▶ **TASK**
Please retype the listing exactly as it appears, skipping each picture.

▶ **GIVEN DATA**
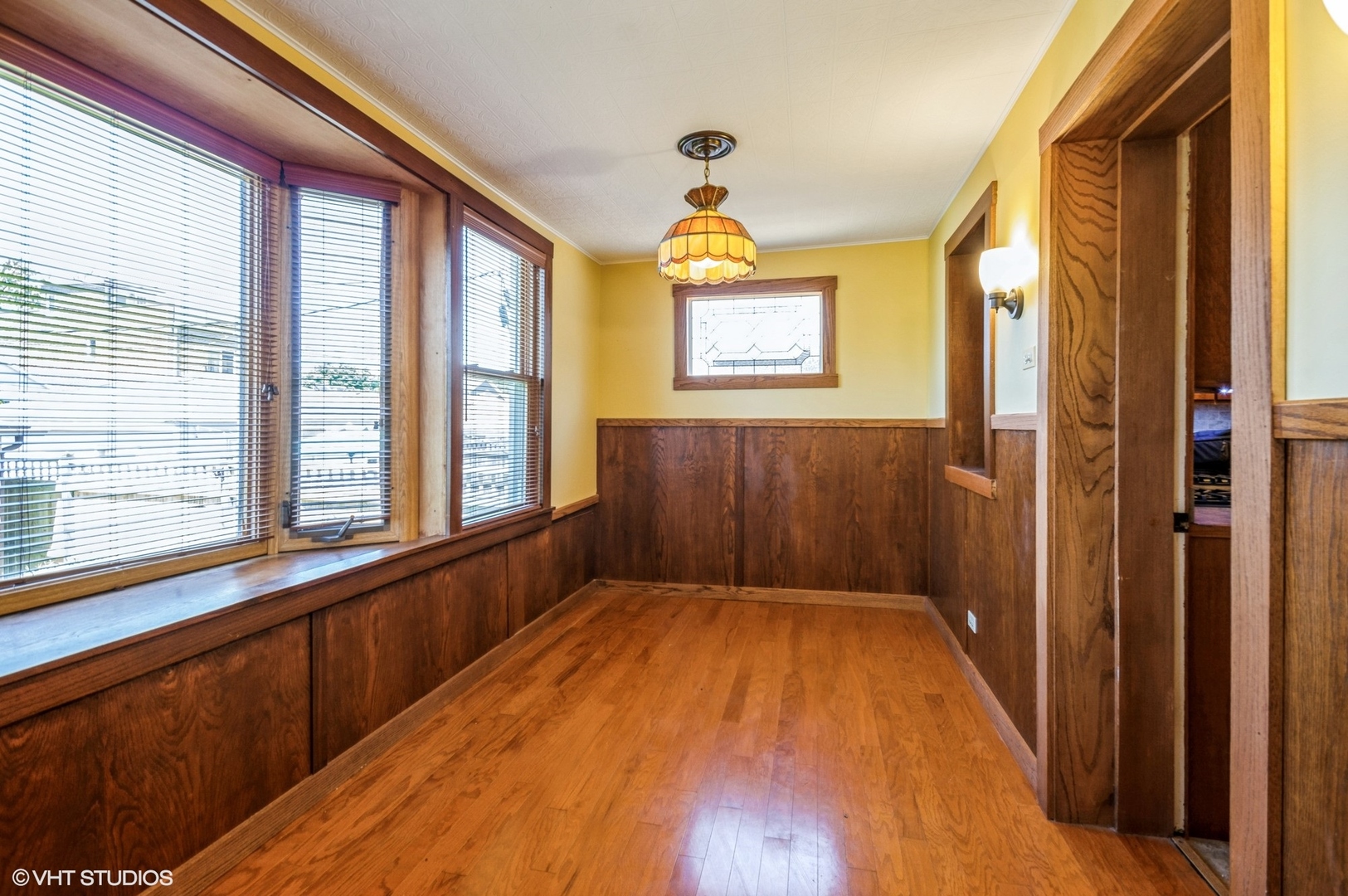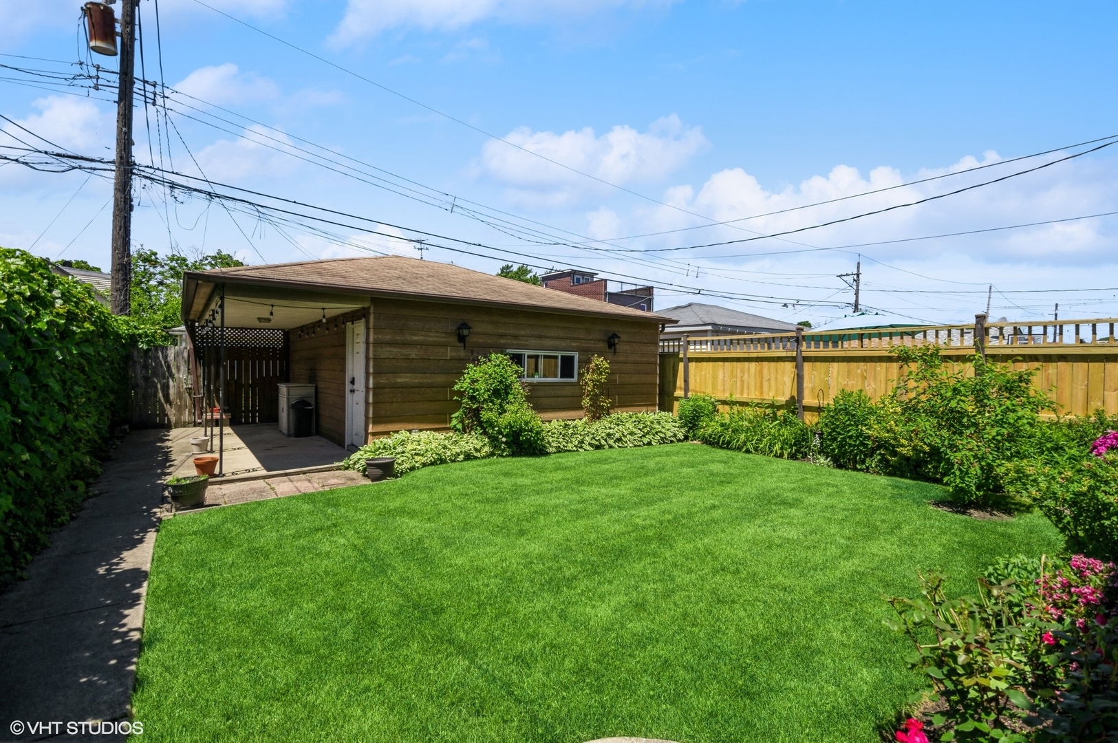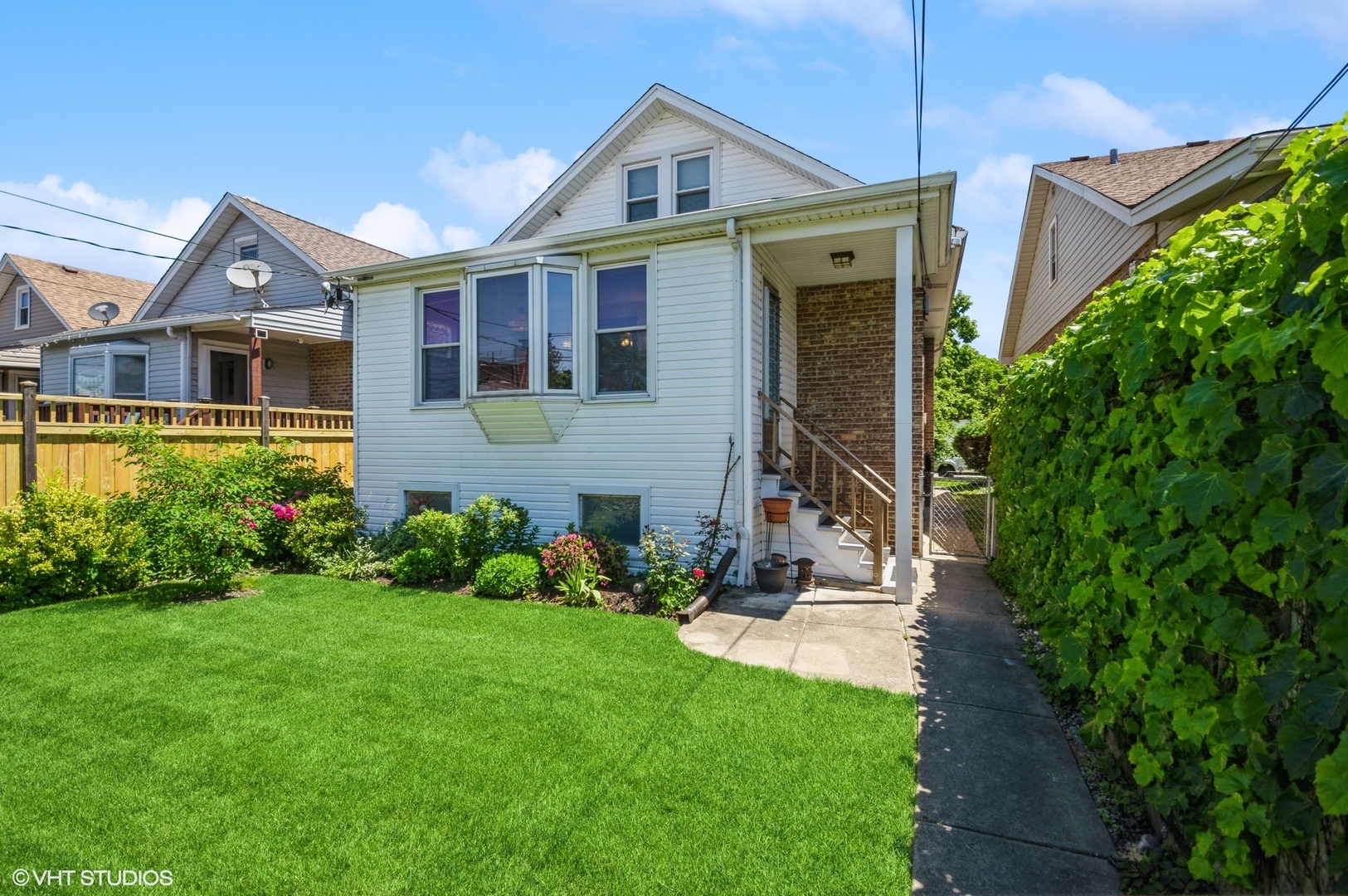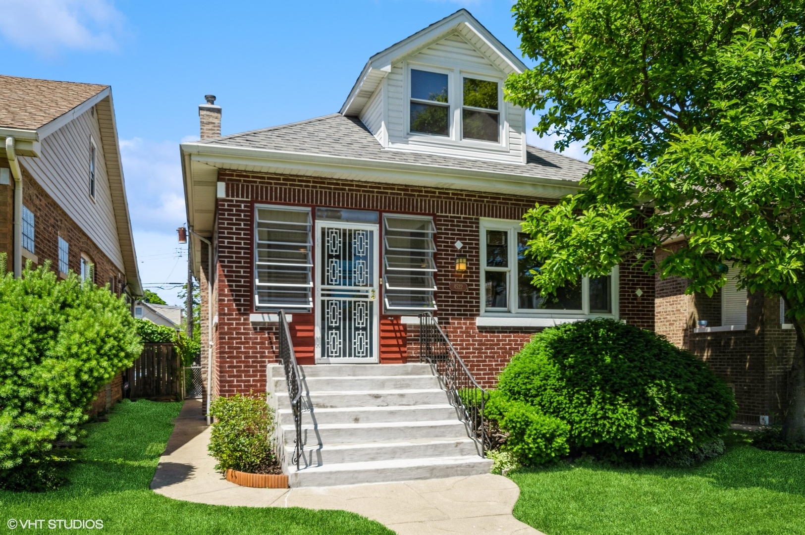 Portage Park Classic Chicago brick bungalow. 1 block to beautiful Dunham Park. Original natural woodwork and hardwood floors on main floor - living room, formal dining room, 2 bedrooms, full bath. Updated kitchen with wood cabinets, stainless appliances: 3 yr new refrigerator, newer microwave, gas stove, Bosch dishwasher, & ceramic tile backsplash. Light-filled 3 season room. 2nd floor features a large bedroom, half bath, open area with lots of built-in drawers and storage. Hot water baseboard heat. 3 AC units included. Updated circuit breaker electric panel. Rec room in basement with new floor, full bath, work room,(workbench stays) laundry/utility room. Beautifully landscaped yard with privacy fence. (Wooden fence on north side is brand new) 2 car garage with side patio. Nearby Dunham Park offers baseball diamonds, playground, park field house, activities, and tennis courts. Home has been well-cared for by long-time owners, but being sold in 'As Is' condition.
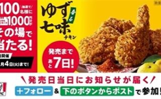 フライドチキンの販売チェーン店舗を全国展開する【ケンタッキーフライドチキン】の公式X (Twitter)アカウントで 「香るゆず七味チキン販売記念キャンペーン」が実施中です。 2025年11月4日(火)までのキャンペーン期間内に、公式アカ...
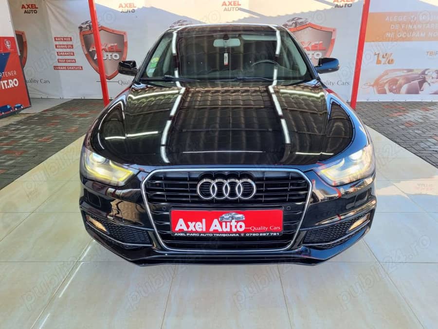>>Axel Parc Auto Timisoara>LIVRARE GRATUITA - Oferim transport Gratuit la domiciliu oriunde in tara!! >>GARANTIE - Oferim Garantie pe o perioada de 12 luni fara limita de km!! >> RATE FIXE - APROBARE RAPIDA >> LA CERERE OFERIM SI NUMERE PROVIZORII (Contra Cost) >>TEST DRIVE - POSIBILITATE TEST DRIVE CU NUMERE DE PROBA!!! ===AUDI ULTRA=== ===A4 B8,5=== DOTARI: -AN 2014 09,EURO 6 -MOTOR 2000 DIESEL,150CP -PACHET S'LINE EXTERIOR -MODEL FACELIFT -CUTIE AUTOMATA -RULAJ: 259.000 KM -INTERIOR CONFORT TEXTIL -NAVI GPS 3D -COMENZI VOLAN -COMPUTER BORD -MAXIDOT COLOR -2 SLOTURI CARD -INTRARE AUXILIARA -BLUETOOTH -RADIO CD -CLIMATRONIC -PILOT AUTOMAT -COTIERA FATA SPATE -GEAMURI ELECTRICE -GEAMURI FUMURII -OGLINZI ELECTRICE SI INCALZITE -SEMNALIZARE IN OGLINDA -FRANA DE MANA ELECTRICA -START STOP SEMAFOR -SERVOTRONIC -SISTEM ISOFIX -FARURI AUTOMATE -FARURI BIXENON -LUMINI DE ZI CU LED -FOLLOW ME HOME -COMING HOME -STOPURI CU LED -SENZORI LUMINA -SENZORI PLOAIE -PROIECTOARE CEATA -SPALATOARE FARURI -SENZORI PARCARE SPATE CU AFISAJ -JANTE ALUMINIU -Scaune reglabile si pe inaltime -Servodirectie -Faruri reglabile -6 airbaguri -ABS,ESP -Inchidere centralizata >> CUMPARATA DIN FRANTA DIRECT DE LA PROPRIETAR >> AXEL AUTO - Strada Teilor, Nr. 170, Timisoara (GIARMATA VII). >> Numar de Contact 0790.287791
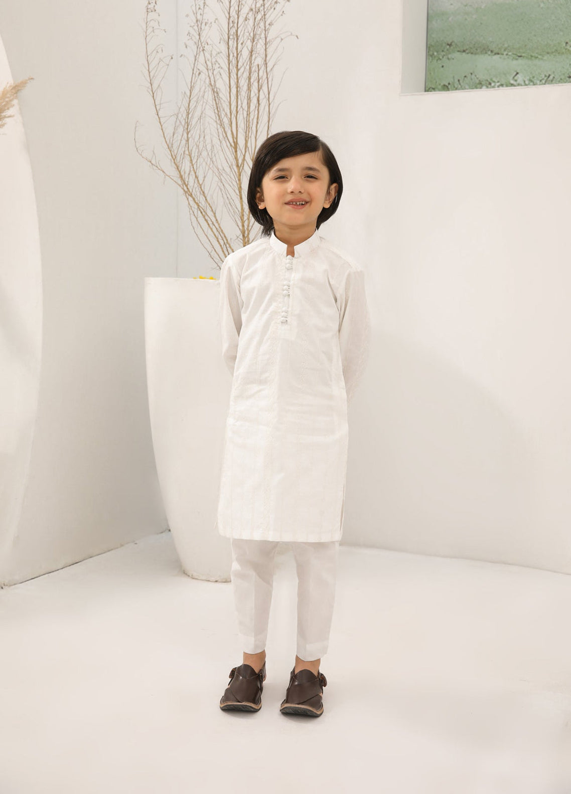 Muraqsh Ready To Wear Boys Off White Cotton Embroidered Kurta Trouser Loop Buttons MUR-OWECK - Summer Collection

▶ **ANSWER BOX**
 Portage Park Classic Chicago brick bungalow. 1 block to beautiful Dunham Park. Original natural woodwork and hardwood floors on main floor - living room, formal dining room, 2 bedrooms, full bath. Updated kitchen with wood cabinets, stainless appliances: 3 yr new refrigerator, newer microwave, gas stove, Bosch dishwasher, & ceramic tile backsplash. Light-filled 3 season room. 2nd floor features a large bedroom, half bath, open area with lots of built-in drawers and storage. Hot water baseboard heat. 3 AC units included. Updated circuit breaker electric panel. Rec room in basement with new floor, full bath, work room,(workbench stays) laundry/utility room. Beautifully landscaped yard with privacy fence. (Wooden fence on north side is brand new) 2 car garage with side patio. Nearby Dunham Park offers baseball diamonds, playground, park field house, activities, and tennis courts. Home has been well-cared for by long-time owners, but being sold in 'As Is' condition.
 フライドチキンの販売チェーン店舗を全国展開する【ケンタッキーフライドチキン】の公式X (Twitter)アカウントで 「香るゆず七味チキン販売記念キャンペーン」が実施中です。 2025年11月4日(火)までのキャンペーン期間内に、公式アカ...
>>Axel Parc Auto Timisoara>LIVRARE GRATUITA - Oferim transport Gratuit la domiciliu oriunde in tara!! >>GARANTIE - Oferim Garantie pe o perioada de 12 luni fara limita de km!! >> RATE FIXE - APROBARE RAPIDA >> LA CERERE OFERIM SI NUMERE PROVIZORII (Contra Cost) >>TEST DRIVE - POSIBILITATE TEST DRIVE CU NUMERE DE PROBA!!! ===AUDI ULTRA=== ===A4 B8,5=== DOTARI: -AN 2014 09,EURO 6 -MOTOR 2000 DIESEL,150CP -PACHET S'LINE EXTERIOR -MODEL FACELIFT -CUTIE AUTOMATA -RULAJ: 259.000 KM -INTERIOR CONFORT TEXTIL -NAVI GPS 3D -COMENZI VOLAN -COMPUTER BORD -MAXIDOT COLOR -2 SLOTURI CARD -INTRARE AUXILIARA -BLUETOOTH -RADIO CD -CLIMATRONIC -PILOT AUTOMAT -COTIERA FATA SPATE -GEAMURI ELECTRICE -GEAMURI FUMURII -OGLINZI ELECTRICE SI INCALZITE -SEMNALIZARE IN OGLINDA -FRANA DE MANA ELECTRICA -START STOP SEMAFOR -SERVOTRONIC -SISTEM ISOFIX -FARURI AUTOMATE -FARURI BIXENON -LUMINI DE ZI CU LED -FOLLOW ME HOME -COMING HOME -STOPURI CU LED -SENZORI LUMINA -SENZORI PLOAIE -PROIECTOARE CEATA -SPALATOARE FARURI -SENZORI PARCARE SPATE CU AFISAJ -JANTE ALUMINIU -Scaune reglabile si pe inaltime -Servodirectie -Faruri reglabile -6 airbaguri -ABS,ESP -Inchidere centralizata >> CUMPARATA DIN FRANTA DIRECT DE LA PROPRIETAR >> AXEL AUTO - Strada Teilor, Nr. 170, Timisoara (GIARMATA VII). >> Numar de Contact 0790.287791
 Muraqsh Ready To Wear Boys Off White Cotton Embroidered Kurta Trouser Loop Buttons MUR-OWECK - Summer Collection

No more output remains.